Directions ->
Retype exactly the span of lines below from the one with "副院长、德语系副教授朱强博士" through the one with "В свою очередь". Do not include pictures.

Data for analysis ->

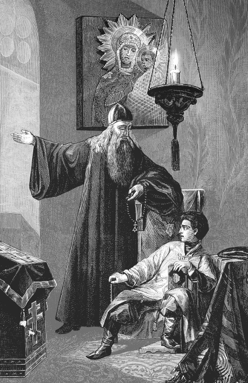 Прошло три дни. Велели собраться двору: Первосвятитель, Бояре, все знатные сановники окружали Иоанна, который, помолчав, сказал Митрополиту: «Уповая на милость Божию и на Святых заступников земли Русской, имею намерение жениться: ты, отче, благословил меня. Первою моею мыслию было искать невесты в иных Царствах; но, рассудив основательнее, отлагаю сию мысль. Во младенчестве лишенный родителей и воспитанный в сиротстве, могу не сойтися нравом с иноземкою: будет ли тогда супружество счастием? Желаю найти невесту в России по воле Божией и твоему благословению». Митрополит с умилением ответствовал: «Сам Бог внушил тебе намерение столь вожделенное для твоих подданных! Благословляю оное именем Отца Небесного». Бояре плакали от радости, как говорит летописец, и с новым восторгом прославили мудрость Державного, когда Иоанн объявил им другое намерение: «еще до своей женитьбы исполнить древний обряд предков его и венчаться на Царство». Он велел Митрополиту и Боярам готовиться к сему великому торжеству, как бы утверждающему печатию Веры святой союз между Государем и народом. Оно было не новое для Московской Державы: Иоанн III венчал своего внука на Царство, но советники Великого Князя – желая или дать более важности сему обряду, или удалить от мыслей горестное воспоминание о судьбе Димитрия Иоанновича – говорили единственно о древнейшем примере Владимира Мономаха, на коего Митрополит Ефесский возложил венец, златую цепь и бармы Константиновы. Писали и рассказывали, что Мономах, умирая, отдал Царскую утварь шестому сыну своему, Георгию; велел только хранить ее как зеницу ока и передавать из рода в род без употребления, доколе Бог не умилостивится над бедною Россиею и не воздвигнет в ней истинного Самодержца, достойного украситься знаками могущества. Сие предание вошло в летописи XVI века, когда Россия действительно увидела Самодержца на троне и Греция, издыхая в бедствии, отказала нам величие своих Царей.
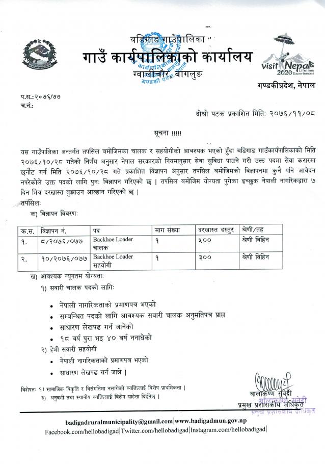 सेवा करार सम्बन्धी बडिगाड गाउँकार्यपालिका कार्यालयको सूचना
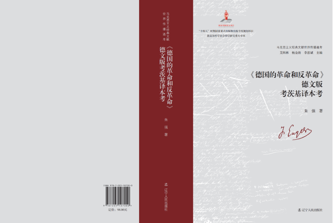 副院长、德语系副教授朱强博士的专著《<德国的革命和反革命>德文版考茨基译本考》近日由辽宁人民出版社出版。本书是“马克思主义经典文献世界传播通考”(第二批)中的一卷。“通考”是国内首套权威、全面、系统考证马克思主义经典文献在世界传播的大型主题图书,计划出版100卷。丛书入选“十四五”时期国家重点出版物出版专项规划项目及教育部哲学社会科学研究重大专项,国家出版基金将该丛书列入出版资助项目。
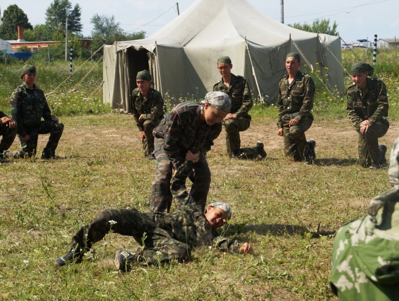 В свою очередь воспитанники лагеря продемонстрировали, чему они научились за время, проведенное здесь: приемы рукопашного боя, строевые приемы и движения без оружия, торжественный марш в составе роты с песней.
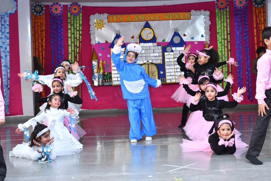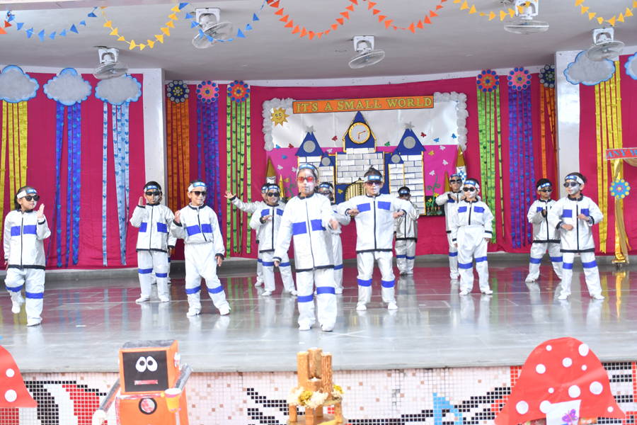 The theme for Nursery to UKG was “It’s a Small World.” Through the story of Doraemon and his friends, children went on a fun world tour using the gadget Anywhere Door. They visited Candy Land, a School, the Moon, Iceland, and a Forest. They visited many places but real happiness comes from nature. “Save Earth, Save Nature. The story gave a beautiful message. Children learned that nature is our true source of happiness.

Final answer ->
 副院长、德语系副教授朱强博士的专著《<德国的革命和反革命>德文版考茨基译本考》近日由辽宁人民出版社出版。本书是“马克思主义经典文献世界传播通考”(第二批)中的一卷。“通考”是国内首套权威、全面、系统考证马克思主义经典文献在世界传播的大型主题图书,计划出版100卷。丛书入选“十四五”时期国家重点出版物出版专项规划项目及教育部哲学社会科学研究重大专项,国家出版基金将该丛书列入出版资助项目。
 В свою очередь воспитанники лагеря продемонстрировали, чему они научились за время, проведенное здесь: приемы рукопашного боя, строевые приемы и движения без оружия, торжественный марш в составе роты с песней.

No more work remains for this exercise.